WORK TASK: A verbatim transcript of the data below is required, images omitted.

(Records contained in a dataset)
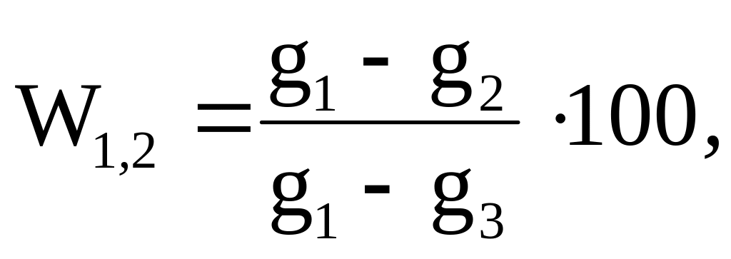 Масову частку вологи W1,2, %, розраховують за формулою:
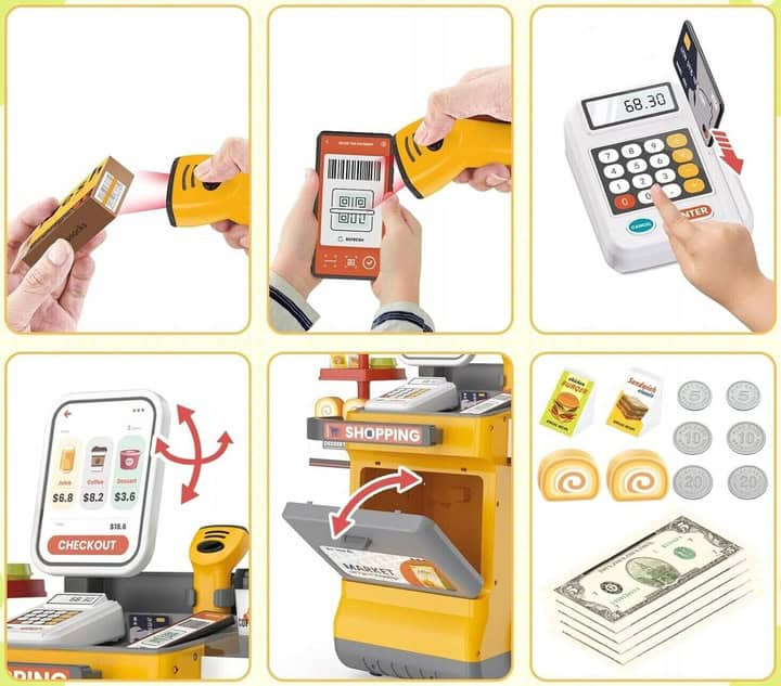 Specificatii tehnice: Dimensiuni produs: 48×29.5×58 cm Inaltime lada: 36.5 cm Accesorii incluse: Produse alimentare, cosulete, polite Functii: Sunete, scaner functional, spatii de depozitare Alimentare casa: 2xAA 1.5V (nu sunt incluse) Alimentare scaner: 2xAAA 1.5V (nu sunt incluse) Varsta recomandata: 3+ ani Scurta descriere: Setul de magazin cu lada pe roti este o jucarie interactiva ce stimuleaza creativitatea si jocurile de rol. Include scaner cu sunet si numeroase accesorii alimentare, perfecte pentru joaca zilnica. Caracteristici principale: Casa si scaner cu sunete Lada pe roti pentru mobilitate Rafturi si cosulete pentru organizare Accesorii alimentare incluse Ideal pentru jocuri de rol
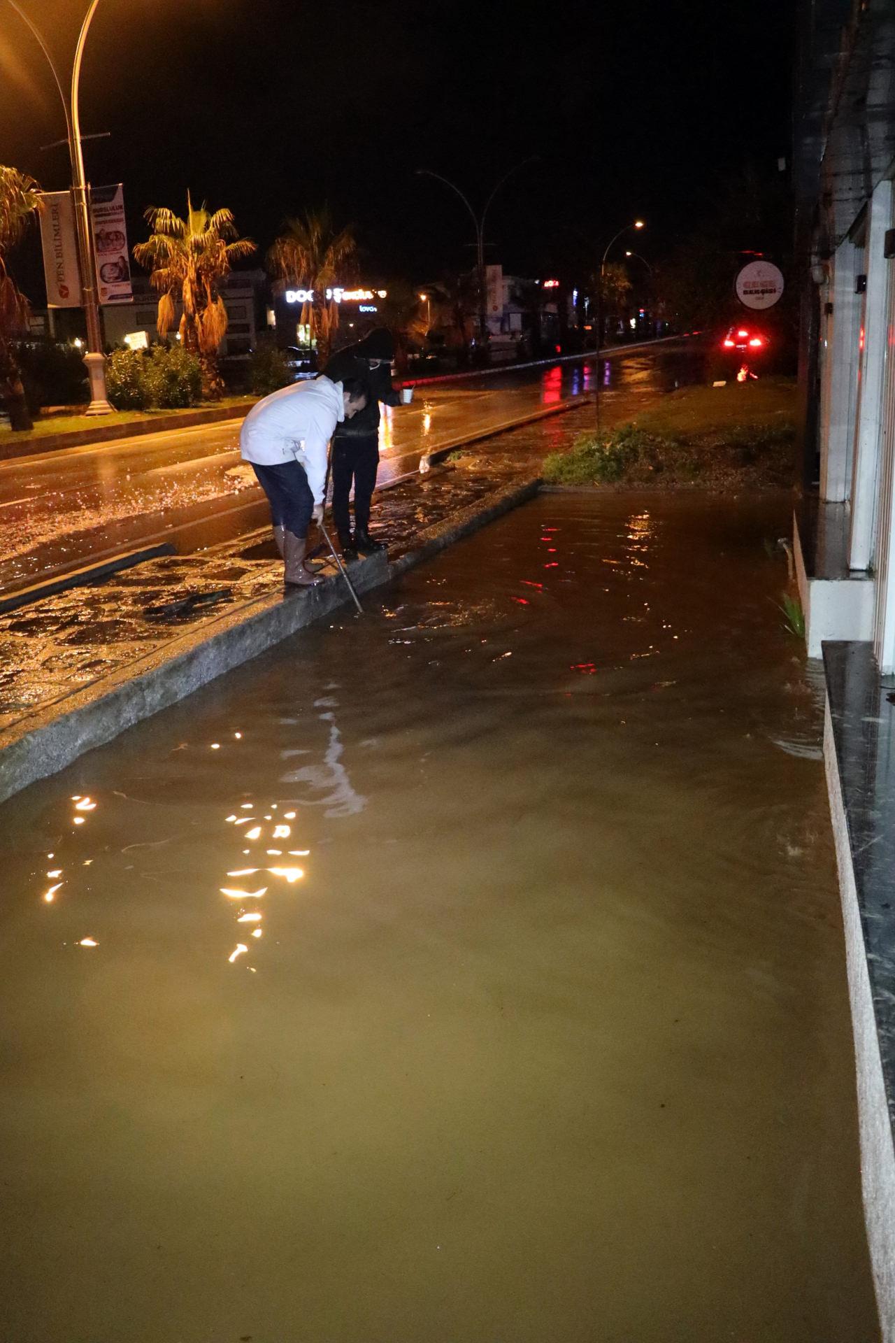 Konacık ve Gümbet bölgesindeki derelerden gelen sular Bitez Mahallesi’nden denize ulaştı. Derelerin debisi yükselirken, bölgedeki bazı cadde ve sokaklar da sular altında kaldı.
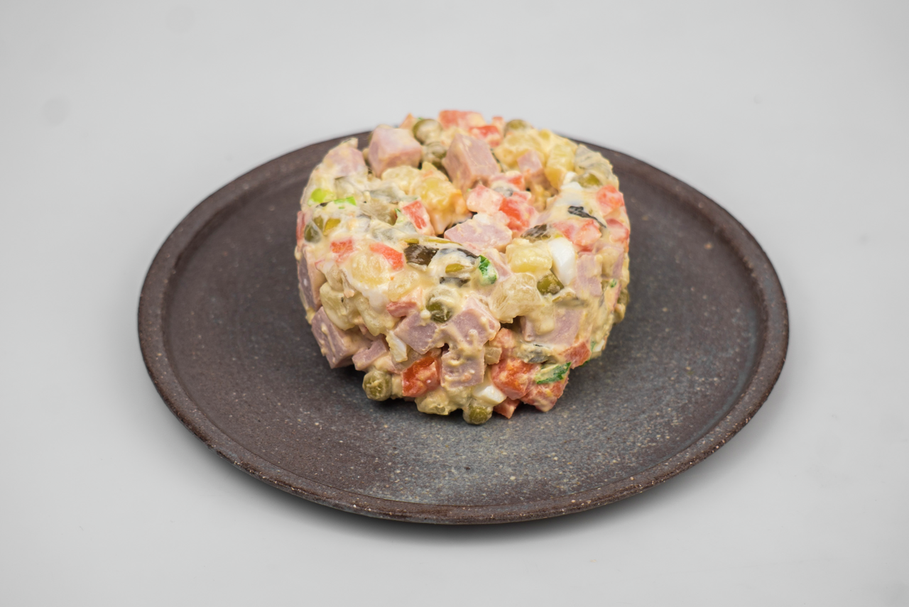 Картофель отварной, майонез (масло подсолнечное, вода, желток яичный, соль, пищевые добавки: лимонная кислота -регулятор кислотности, ксантановая камедь - стабилизатор, сорбат калия -консервант, крахмал картофельный , крахмал кукрузный-загустители), морковь отварная, огурцы соленые, ветчина (свинина, вода, соль, соевый белок, сухое молоко, стабилизаторы E-450, E-452, E-407), колбаса вареная (мясо птицы механической обвалки (куриное), мука пшеничная, вода, манная крупа, белок животный куриный, соль, чеснок сушеный, перец черный, тмин, сельдерей, лук, куркума, горчица, усилитель вкуса и аромата E-621, стабилизаторы: гуаровая и ксантановая камедь, камедь рожкового), горошек консервированный, соль , пищевая добавка: консерванты: E-211, E-202. Продукт может содержать следы арахиса, яичных продуктов, рыбы, морепродуктов, соевых бобов.
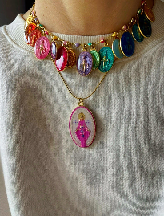 COLLANA CON MEDAGLIA MIRACOLOSA DIPINTA A MANO
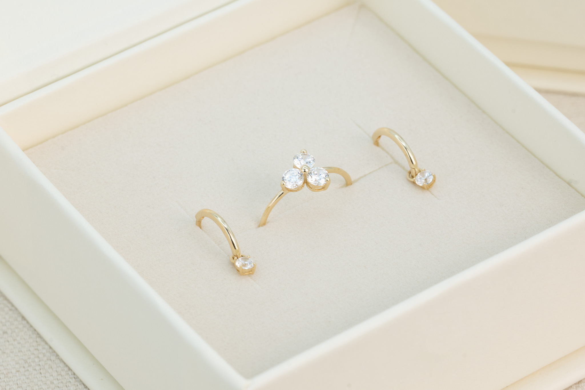 Ring mit 3 Zirkonia – 14 Karat Gold
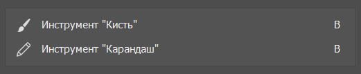 Как выглядят значки в приложении Фотошоп. Справа — стандартный вариант быстрой клавиши
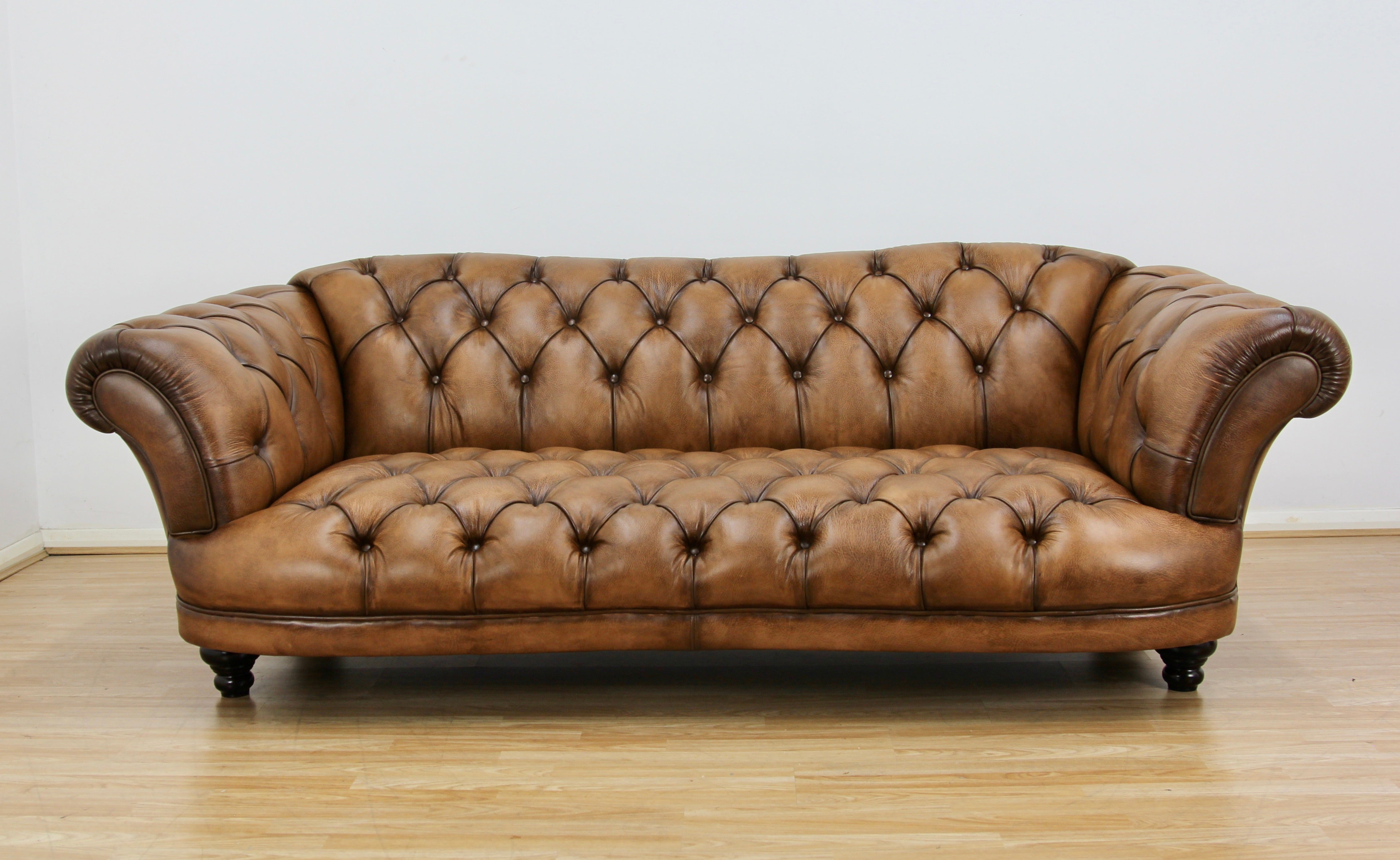 The Oskar Large Chesterfield Leather Sofa is Handmade in England and upholstered in buffalo antique leather.
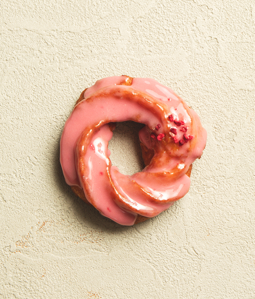 ピンク色の甘酸っぱいベリーアイシングのかかったふわもちフレンチクルーラー
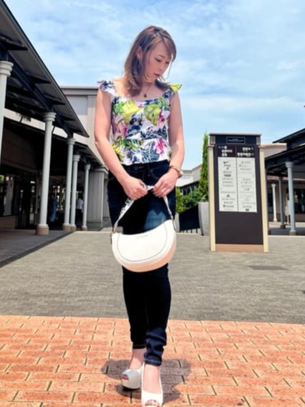 夏らしいボタニカル柄のノースリーブ! ウエスト部分がシェイプされて細見えします! BAGは白を選びました!ハンドル部分が太めベルトなので持ちやすく肩掛けしても安定感があります⭐︎とても使いやすいです♪
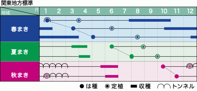 - 4~6月に出荷できるとはいえ、本種は不抽台品種ではなく播種期を誤ると抽台する。また、地域・土質・肥料・天候等により適期播きでも抽台することがある。

TASK ANSWER:
 Масову частку вологи W1,2, %, розраховують за формулою:
 Specificatii tehnice: Dimensiuni produs: 48×29.5×58 cm Inaltime lada: 36.5 cm Accesorii incluse: Produse alimentare, cosulete, polite Functii: Sunete, scaner functional, spatii de depozitare Alimentare casa: 2xAA 1.5V (nu sunt incluse) Alimentare scaner: 2xAAA 1.5V (nu sunt incluse) Varsta recomandata: 3+ ani Scurta descriere: Setul de magazin cu lada pe roti este o jucarie interactiva ce stimuleaza creativitatea si jocurile de rol. Include scaner cu sunet si numeroase accesorii alimentare, perfecte pentru joaca zilnica. Caracteristici principale: Casa si scaner cu sunete Lada pe roti pentru mobilitate Rafturi si cosulete pentru organizare Accesorii alimentare incluse Ideal pentru jocuri de rol
 Konacık ve Gümbet bölgesindeki derelerden gelen sular Bitez Mahallesi’nden denize ulaştı. Derelerin debisi yükselirken, bölgedeki bazı cadde ve sokaklar da sular altında kaldı.
 Картофель отварной, майонез (масло подсолнечное, вода, желток яичный, соль, пищевые добавки: лимонная кислота -регулятор кислотности, ксантановая камедь - стабилизатор, сорбат калия -консервант, крахмал картофельный , крахмал кукрузный-загустители), морковь отварная, огурцы соленые, ветчина (свинина, вода, соль, соевый белок, сухое молоко, стабилизаторы E-450, E-452, E-407), колбаса вареная (мясо птицы механической обвалки (куриное), мука пшеничная, вода, манная крупа, белок животный куриный, соль, чеснок сушеный, перец черный, тмин, сельдерей, лук, куркума, горчица, усилитель вкуса и аромата E-621, стабилизаторы: гуаровая и ксантановая камедь, камедь рожкового), горошек консервированный, соль , пищевая добавка: консерванты: E-211, E-202. Продукт может содержать следы арахиса, яичных продуктов, рыбы, морепродуктов, соевых бобов.
 COLLANA CON MEDAGLIA MIRACOLOSA DIPINTA A MANO
 Ring mit 3 Zirkonia – 14 Karat Gold
 Как выглядят значки в приложении Фотошоп. Справа — стандартный вариант быстрой клавиши
 The Oskar Large Chesterfield Leather Sofa is Handmade in England and upholstered in buffalo antique leather.
 ピンク色の甘酸っぱいベリーアイシングのかかったふわもちフレンチクルーラー
 夏らしいボタニカル柄のノースリーブ! ウエスト部分がシェイプされて細見えします! BAGは白を選びました!ハンドル部分が太めベルトなので持ちやすく肩掛けしても安定感があります⭐︎とても使いやすいです♪
 - 4~6月に出荷できるとはいえ、本種は不抽台品種ではなく播種期を誤ると抽台する。また、地域・土質・肥料・天候等により適期播きでも抽台することがある。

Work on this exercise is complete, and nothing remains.